Useless Breast Cancer Therapy Puts Your Health at Risk

Facing breast cancer can be enough of a battle. But this useless therapy may be wasting more than time and money. It could be putting your health at greater risk.

You know the dangers of mainstream breast cancer treatments. And the evidence just keeps piling up…

A 2004 study found radiation therapy to be useless. About 77% of women over 70 received it for early-stage breast cancer. Yet it didn’t improve survival rates. It didn’t even lower 5-year recurrence rates. This means it did nothing to prevent the cancer from coming back.1

Over a decade later, a new study reveals not much is different.

This time researchers looked at 40,583 women over 70. They all had a lumpectomy to remove a breast tumor between 2000 and 2009.

For the first part of their study, they looked at data from 2000 to 2004. This is before the original study on radiation therapy was published. They found 69% of women with breast cancer received some form of it during these years.

For the second part of the study, they examined the numbers from 2005 to 2009. And despite the results of the original study, 62% of women still got radiation therapy for breast cancer during these years.2 Even though research showed it to have no benefit.

Radiation therapy isn’t just unnecessary. It’s also extremely expensive. But of course the real problem is how dangerous it is.

The American Cancer Society itself admits this therapy puts your health at risk. The effects go beyond skin irritation and dryness. It damages the healthy cells in the surrounding area of the cancer. This may harm your skin. It may also put your heart and lungs in danger. Radiation therapy also puts you at risk for developing a secondary cancer.3

These are just the immediate side effects.

There are also late side effects. These develop months or years after your therapy. Some include cataracts, heart disease, infertility, lung problems, memory loss, and thyroid disorders. One of the other main late side effects is osteoporosis. This is something most women in the study may have already been at risk for…4 This therapy may have only added to their problems.

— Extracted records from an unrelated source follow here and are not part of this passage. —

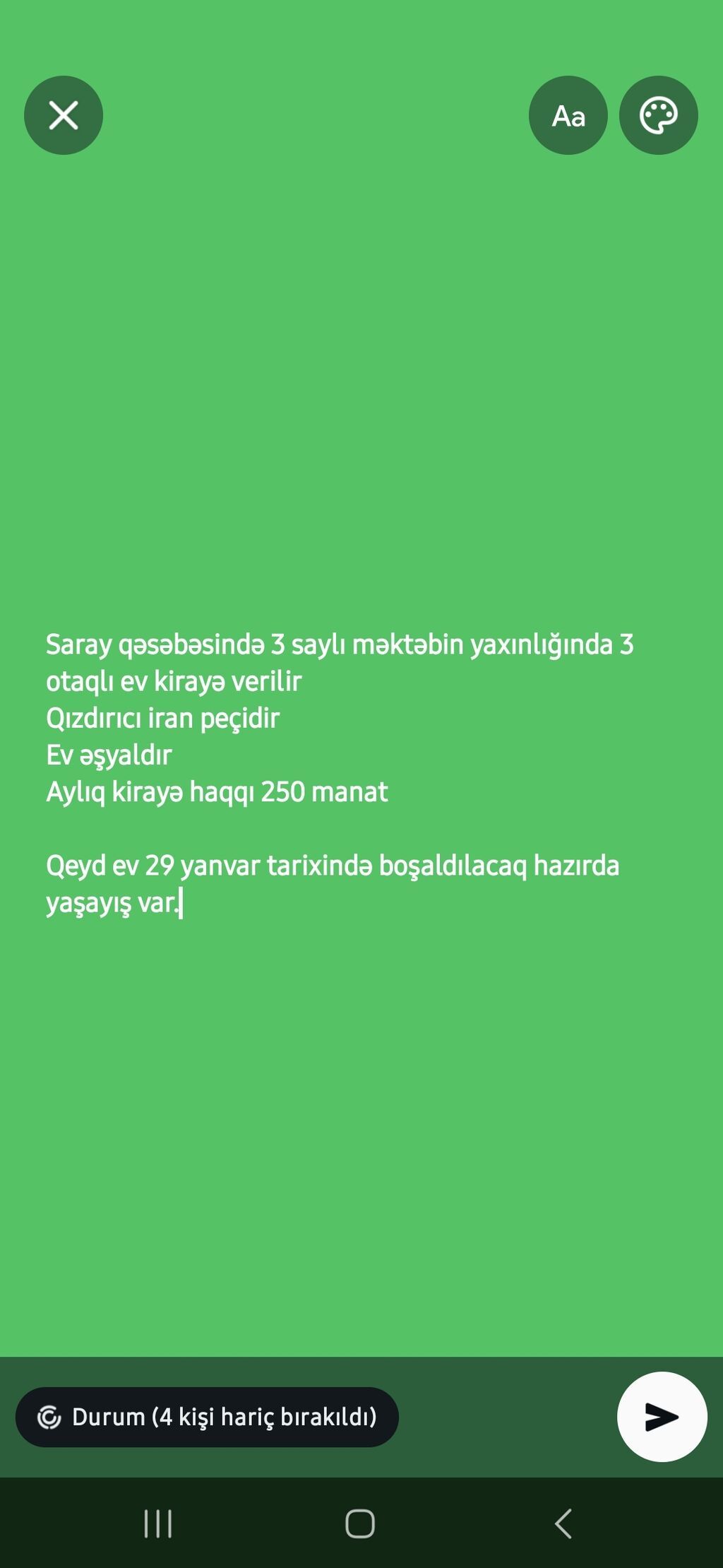 Oz evimdi 2 nefer qala biler 2 nefer qalsa 230 manat . 1 nefer qalsa 200 manat kamunal pulsuz. xaladenik paltaryuyan her seraiti var qaz su isiq wifi kamunal pulsuz ev sahibi terefden odenilecek. . Vatcapa yazin . Bakixanov kohne mekkeme ile uz be uz mocuze markete yaxin. Bakixanov Sabuncu r. Bakixanov qesebesi
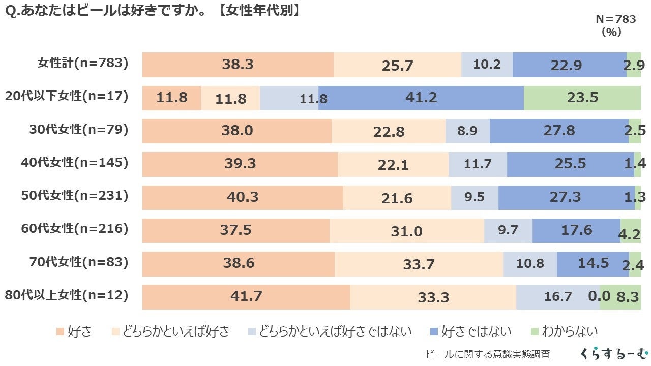 ビールについて好き嫌いを尋ねたところ、男性では61.7%、女性は38.3%が「好き」と回答しました。「どちらかといえば好き」と合わせて、ビールが好きな人は男性で86.3%、女性で64.0%と、ビールは男性の方が好きな傾向となりました。年代別にみてみると、年代が下がるについてビール好きの割合が減り、特に女性ではビール嫌いの割合が約4分の1を占めるようになっています。
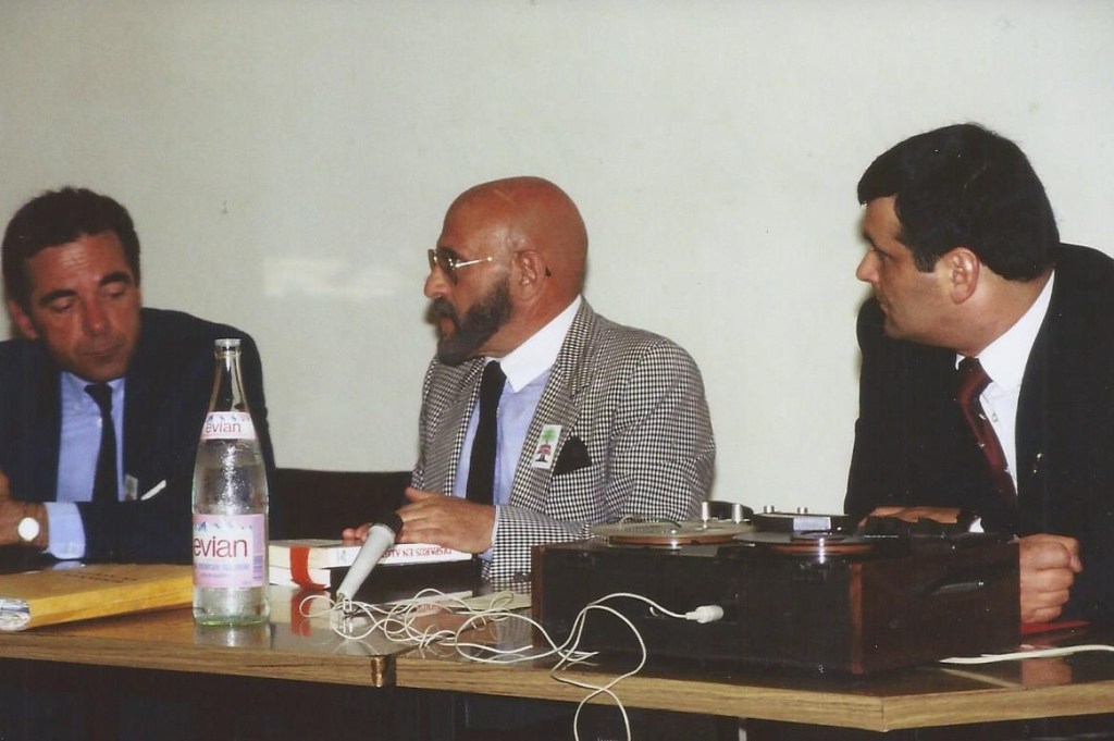 Jean LARTEGUY, grand reporter, écrivain, auteur de livres qui ont largement contribué à la légende des paras (les Centurions, les Prétoriens, etc.), spécialiste du Moyen-Orient (Liban, Syrie, Iran), aborde ce 17 juin 1988 à Annecy, le problème de « La poussée islamique au Moyen-Orient. ».
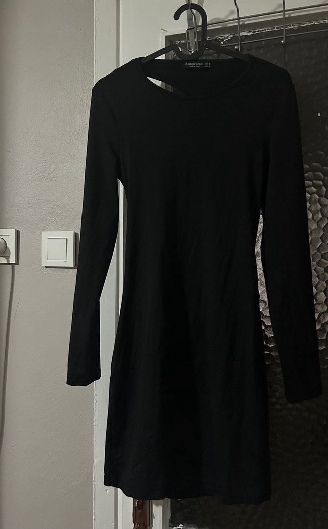 Uzun Kollu Siyah sırt dekolteli elbise

And this is what your doctor might call a “solution.”

Breast cancer is on the rise. All the pink ribbons in the world won’t help you or a loved one prevent it. But there are natural ways to help avoid it.

The first step is to get more vitamin D3 in your diet. It may lower your breast cancer risk by over 50%.5 You can get it from wild-caught salmon. Studies show two portions of it a week can help reduce your risk by 14%. Organic mushrooms are another good source. You can also try adding more lycopene from foods like tomato. But there are other ways to help prevent—even beat—cancer.

During our research, we came across several success stories from one natural treatment.

For example, Carol R., a retired schoolteacher. Carol’s breast cancer diagnosis came in 2009. Mainstream treatments scared her. So she went to a specialized health facility in Wichita, Kansas for an alternative therapy.

Now she says, “Not only is the cancer gone from the inside, everything has improved…head to toe…skin, nails, hair, teeth, eyes…everything. I feel stronger than I did 20 years ago—which is amazing because I thought I was healthy then!”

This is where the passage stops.